Le parallèle historique est évident : depuis la crise de Cuba en 1962, Washington tente d’étouffer l’expérience socialiste située à 90 miles au large de la Floride. Sous Obama, on a assisté à une ouverture prudente, Trump l’a annulée, Biden l’a largement maintenue. Et maintenant, la radicalisation. La stratégie de « pression maximale » – prétendument testée avec succès contre l'Iran et le Venezuela – vise désormais à repousser les sphères d'influence de la Russie et de la Chine dans l'hémisphère occidental. Mais elle ne fait qu'engendrer le chaos et la souffrance humaine : des milliers de Cubains fuient, l'économie est à terre, le régime se durcit.

Des critiques comme le professeur LeoGrande mettent en garde : après les désastres en Irak et en Afghanistan, une intervention militaire américaine ne trouverait que peu de soutiens. Selon le professeur, l'opinion publique américaine ne souhaite plus imposer la démocratie « les armes à la main » à d'autres pays. Au contraire, Trump risque justement ce qu’il prétend combattre : l’instabilité, des flux de réfugiés et un renforcement des alliances anti-américaines en Amérique latine. Si le blocus exerce certes une pression à court terme à l’intérieur et sur Cuba, à long terme, il stabilisera le régime plutôt qu’il ne le renversera.

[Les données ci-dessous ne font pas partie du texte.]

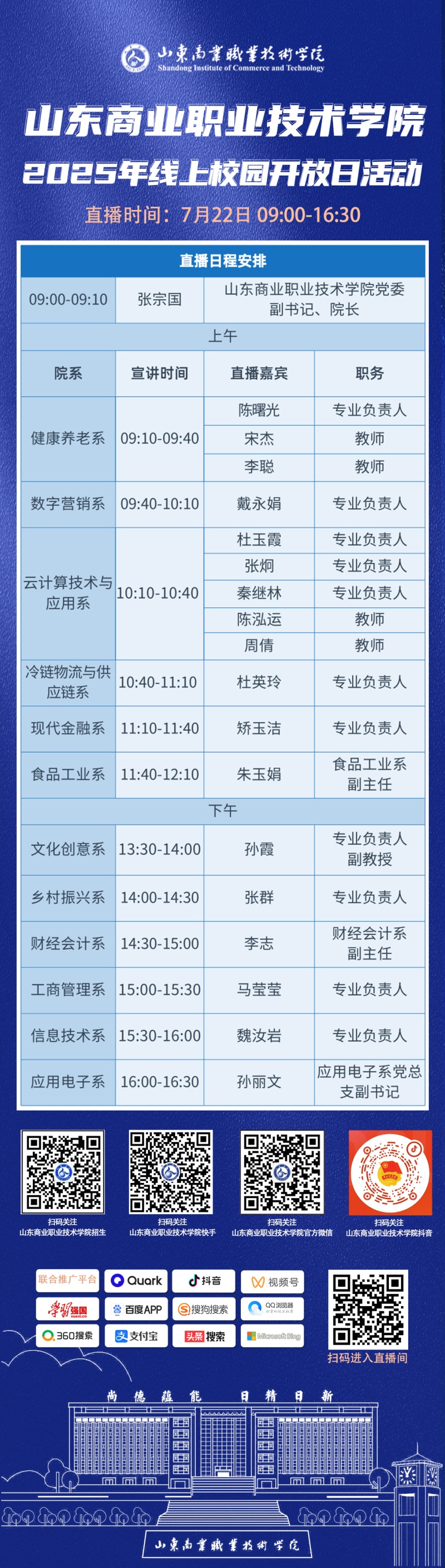 本次线上校园开放日虽已圆满落幕,但山东商业职业技术学院敞开的大门始终向怀揣梦想的学子开放!云端相识,彼此靠近,深入了解,让选择更加坚定。山东商职院以实力和诚意,向未来的大国工匠、能工巧匠发出最诚挚的邀约。

En réalité, la politique de Trump sape jusqu’au dernier lambeau de crédibilité dont jouissait encore l’Amérique en tant que défenseur du droit et de la liberté. Quant à savoir si Cuba sera vraiment la « prochaine sur la liste », cela ne dépendra pas seulement des caprices de Trump, mais surtout de l’issue de la guerre américano-sioniste contre l’Iran, que Washington a déjà perdue, même s’il refuse d’admettre les faits. La crédibilité de l'ancienne « soft power » mondiale de la politique étrangère américaine est révolue. Les États-Unis sont désormais perçus sans fard, partout dans le monde, comme une puissance hégémonique brutale qui prêche la démocratie tout en utilisant la faim comme une arme contre des peuples entiers. La Russie, la Chine et les BRICS font leur part pour rappeler au monde que les agressions impérialistes ont des conséquences.